The exploration of the loss of companionship is further developed in ‘The Great Hunger’. In this poem, Kavanagh explores and also explodes many of the romantic images of the simple, contented rural peasant in Ireland. He exposes the inadequacies of a social system which stifles the emotional and sexual needs of Patrick Maguire, who becomes entrapped by his clay bride, the land. Similar to the poet in ‘Inniskeen Road’, Maguire is unable to communicate his needs to others; his only reason for shouting at his farm labourers is to extend his orders for the day. He is bogged down in empty promises: ‘Who was it promised marriage to himself / Before apples were hung from the ceilings for Halloween’. He attempts to console himself for his loss of fertility, without wife, without children, pretending to his soul ‘That children are tedious in hurrying fields of April’.
In this society, the lie that ‘Clay is the word’ is perpetuated and so Maguire ‘lives that his little fields may stay fertile’. In moments of frustration and despair he cries out ‘if I had been wiser!’ but he knows he can never escape ‘the grip of irregular fields’. Tragically, Maguire’s cries are unheard and unheeded.
A further exploration of loss is evident in ‘Advent’. In this poem, the concern is with the loss of innocence and wonder. Kavanagh employs religious association to suggest his yearning to return to a state of innocence in which the ordinary and the commonplace are ‘spirit-shocking’. It is a poem that declares the poet’s regret at having been corrupted by experience – ‘we have tested and tasted too much’. Although the poem details the poet’s loss, it does not plummet into despair. The loss is balanced by the uplifting mood of hope in the third stanza that after Christmas the poet will once again take possession of that ‘luxury’ he had previously lost, ‘And Christ comes with a January flower’.
Kavanagh’s verse is usually self-revealing. In ‘On Raglan Road’ yet another aspect of loss is related to us. Once more Kavanagh opens his mind and heart with honesty, cautioning in the first line of the lyric that his love’s ‘dark hair would weave a snare’. Despite his awareness of the ‘danger’, the poet begins his courtship and enthusiastically woos his friend with gifts ‘of the mind’ such as poems. A major concern of the poem, however, is lost love, and so despite the poet’s attempts to win his friend’s trust and love, the courtship fails. Loss of faith in women is replaced with loss of faith in the land in the poem ‘Shancoduff’. Hills which are looked upon with affection and some pride, are re-evaluated in light of the cattle-drovers’ denouncement that they are ‘hungry’ and ‘forsaken’.

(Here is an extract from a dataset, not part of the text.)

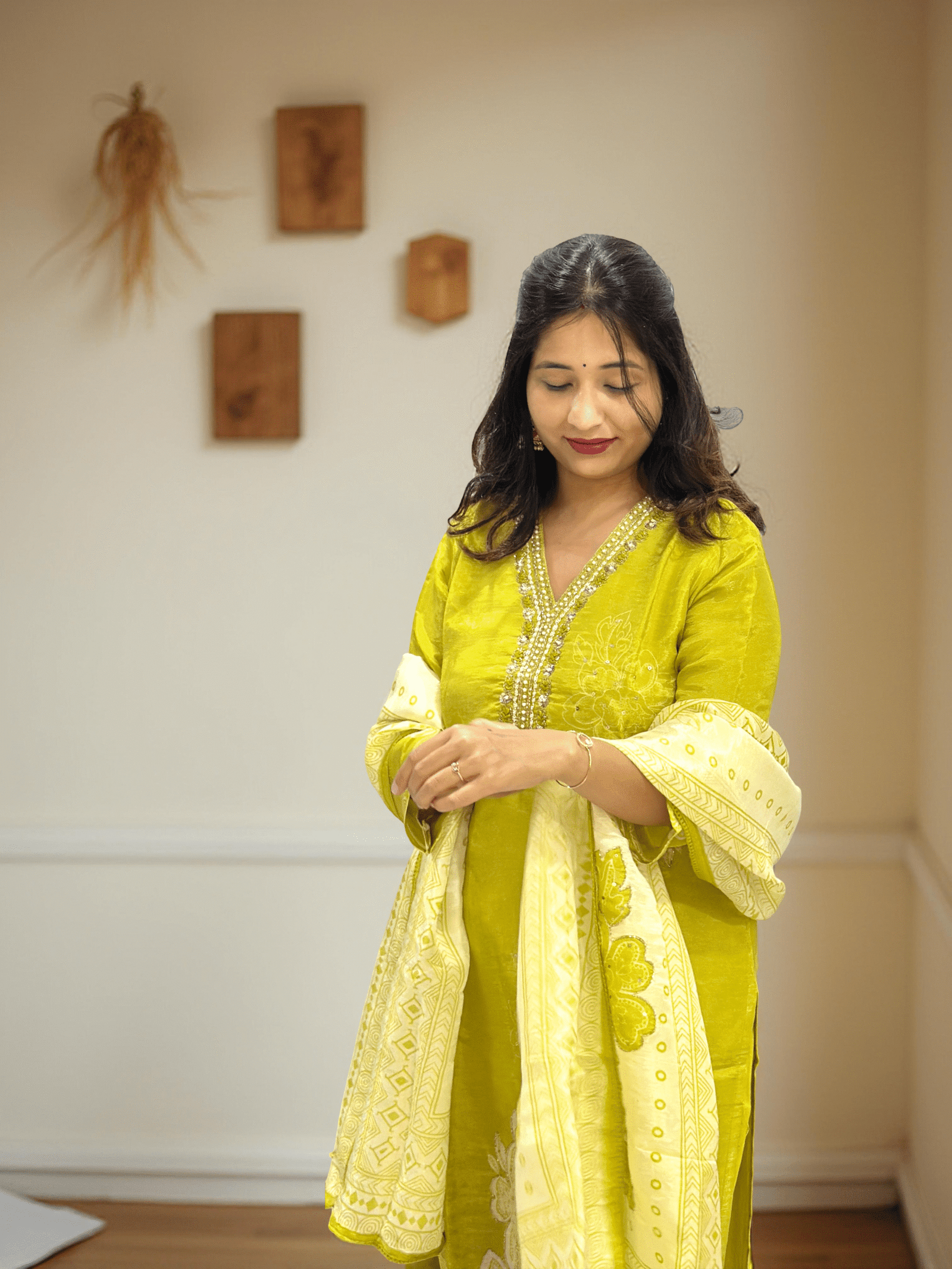 Step into the spotlight with this stunning sunshine mustard yellow kurta set, crafted to elevate your ethnic wardrobe. Featuring intricate embroidery, bold floral detailing, and a beautifully paired dupatta – this outfit is perfect for haldi ceremonies, poojas, or simply when you want to glow with grace. 🌼

It is abundantly clear, therefore, that in his poetry Kavanagh speaks his mind in praise and in condemnation. In his subjective verse, his feelings run very deep. Certainly, he may share with us his celebrations but he does not ignore his sense of loss and isolation. He records his resentment at being an outcast in his own community in ‘Inniskeen Road’. He denounces the privation of opportunity and fulfilment in ‘The Great Hunger’. He yearns for his lost innocence and wonder in ‘Advent’ and he agonises over his lost love and lost faith in ‘On Raglan Road’ and in ‘Shancoduff’.